Introduction

The prevalence of obesity among children and adolescents is increasing worldwide [1]. According to the 2019 Student Health Examination Sample Survey, 25.8% of Korean children or adolescents were overweight or obese, and this proportion has been increasing every year over the past five years [2]. Additionally, the proportion of children and adolescents with morbid obesity has been steadily increasing from 0.8% in 2008 to 2.0% in 2017 [3]. These rates are alarming due to the strong evidence that obesity in childhood and adolescence poses a high risk of progression into adult obesity, which subsequently increases the risk of chronic diseases such as diabetes and cardiovascular disease (e.g., hypertriglyceridemia, hypercholesterolemia, and high blood pressure). In addition, children and adolescents with obesity may experience low self-esteem, depression, and social phobia, and other impacts on social and psychological development [4]. This scenario indicates the importance of managing and preventing obesity during childhood and adolescence.

Diverse variables, such as dietary intake, physical activity, sedentary behavior [5], and genetic background [6], influence childhood obesity. However, the most proximal cause is an energy imbalance between calories consumed and expended [7]. Excessive energy intake can be a result of problematic eating behaviors influenced by internal and external factors such as an individual’s emotional state and environmental cues [8]. Therefore, identifying the factors that influence excessive energy intake is necessary.

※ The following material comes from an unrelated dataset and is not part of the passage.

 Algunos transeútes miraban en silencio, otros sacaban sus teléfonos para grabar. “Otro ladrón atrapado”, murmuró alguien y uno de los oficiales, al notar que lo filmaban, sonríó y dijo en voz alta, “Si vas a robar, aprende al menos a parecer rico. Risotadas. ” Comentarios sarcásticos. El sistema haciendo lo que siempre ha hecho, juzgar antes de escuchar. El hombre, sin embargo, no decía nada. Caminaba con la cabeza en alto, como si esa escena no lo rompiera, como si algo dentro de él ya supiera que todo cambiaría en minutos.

Moreover, recognizing and improving problematic eating behaviors help prevent and overcome obesity [9], which calls for the need for validated questionnaires that can assess problematic eating behaviors.

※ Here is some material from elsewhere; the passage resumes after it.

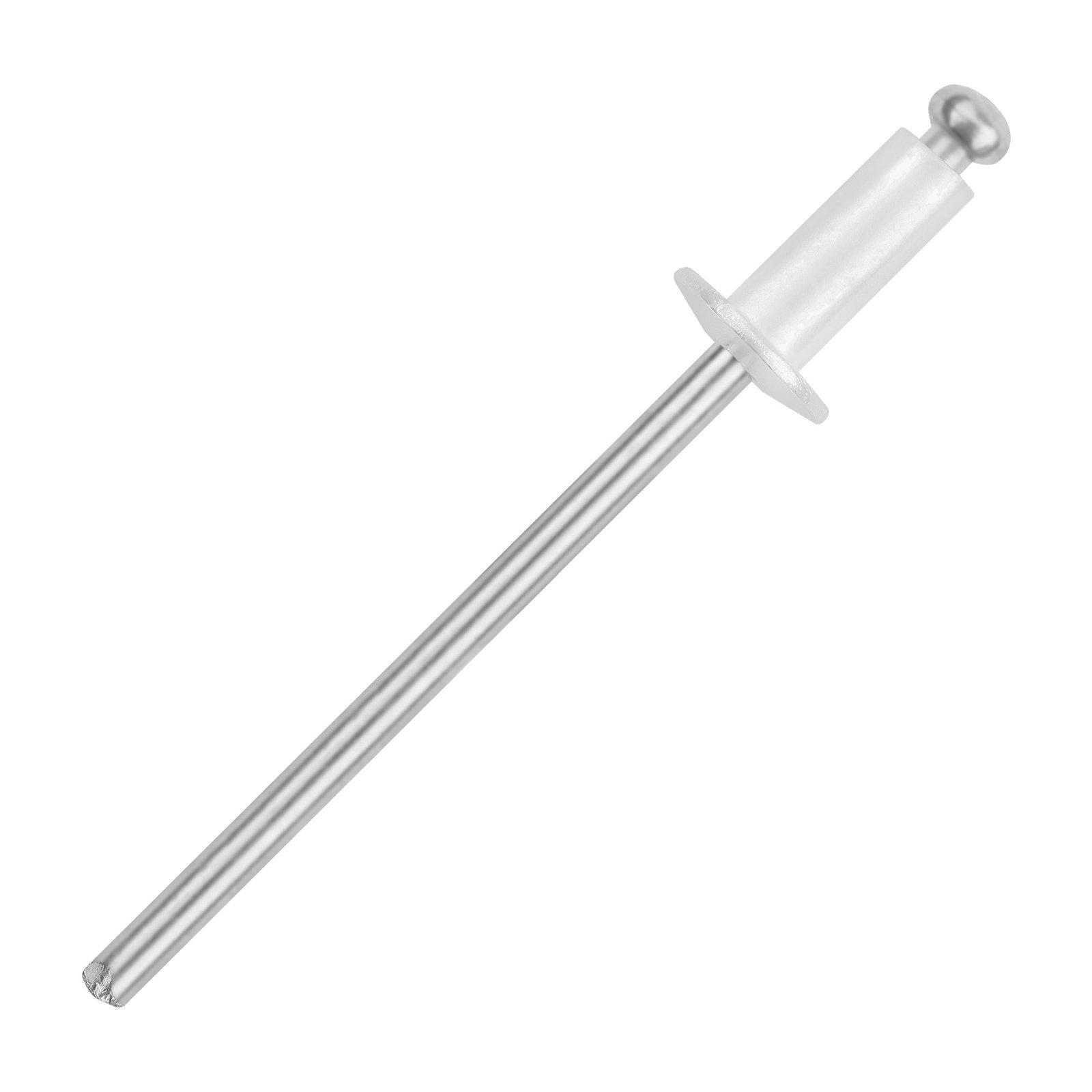 Rebite de repuxo com corpo em alumínio e acabamento branco, desenvolvido para criar uniões permanentes, rápidas e com um acabamento limpo e discreto. O mandril em aço proporciona a resistência necessária para um repuxo seguro e consistente.

The Dutch Eating Behavior Questionnaire for Children (DEBQ-C) [10] assesses three eating behaviors that potentially contribute to weight gain. The DEBQ-C is a pediatric version of the DEBQ [11], and the latter is widely used in the research on eating habits. The DEBQ-C consists of three subscales that explore the important aspects of problematic eating, namely, emotional eating (food is consumed due to negative emotional states) [12, 13], external eating (food is consumed due to external circumstances regardless of internal hunger) [14], and restrained eating (calorie intake is restricted to lose weight). Restraint theory assumes that chronic caloric restriction as a method for losing weight is unsustainable for many individuals and can eventually lead to disinhibited eating triggered by external or internal stimuli [15].

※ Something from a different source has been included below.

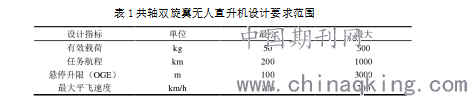 设计要求是研制直升机的基本依据和设计出发点,直升机的相应设计要求的制定,首先需要对军用和民用市场进行广泛调研和分析,同时还需要结合当前的科技水平。根据调研,共轴无人直升机主要用于执行空中巡逻监察、通讯中继布站、武器实验、物资补给、电路检修等任务,有效载荷和任务航程是其最主要也是最重要的设计指标,除此以外,为保证无人直升机的生存能力和高原工作能力,还需要无人直升机具有较快的机动速度和较高的悬停升限。下面根据中小型共轴无人直升机的以上特点,查阅现有国内外共轴无人直升机飞行性能数据,见下节内容,给出设计要求范围,如表1所示。
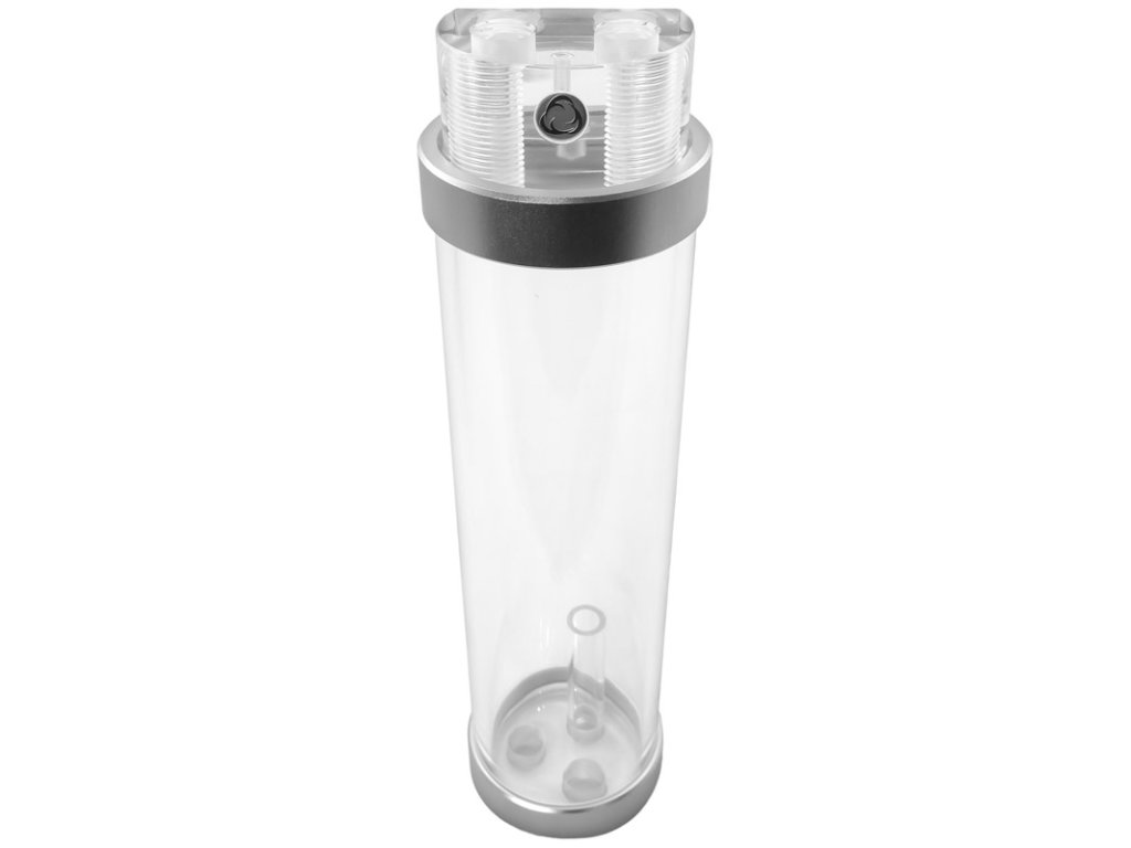 Expanzná nádrž Protium od spoločnostiPočítače Singularity dodáva sa s trubicou a tromi nástavcami. Nádržka s priemerom 60 mm, základňa a veko sú vyrobené z priehľadného akrylu. Strieborné hliníkové poistné krúžky držia koncovky na svojom mieste. Celkovo až sedem portov G1/4 poskytuje široké možnosti integrácie do vodného okruhu.Singularity Computers Protium Reservoir 200 mm na prvý pohľad:

The DEBQ-C has been validated in Taiwan (age: fifth- and sixth-graders in elementary school; weight: normal, healthy, overweight, and obese) [16], Spain (age: 10–14 years; weight: normal, overweight and in treatment, and overweight not in treatment) [17], and Japan (age: fifth- and sixth-graders in elementary school and first- and second-graders in junior high school; weight: underweight, normal weight, and overweight) [18]. All studies have reported a three-factor structure. Thus, the validity of the questionnaire for use on children and adolescents has been confirmed in clinical and nonclinical samples.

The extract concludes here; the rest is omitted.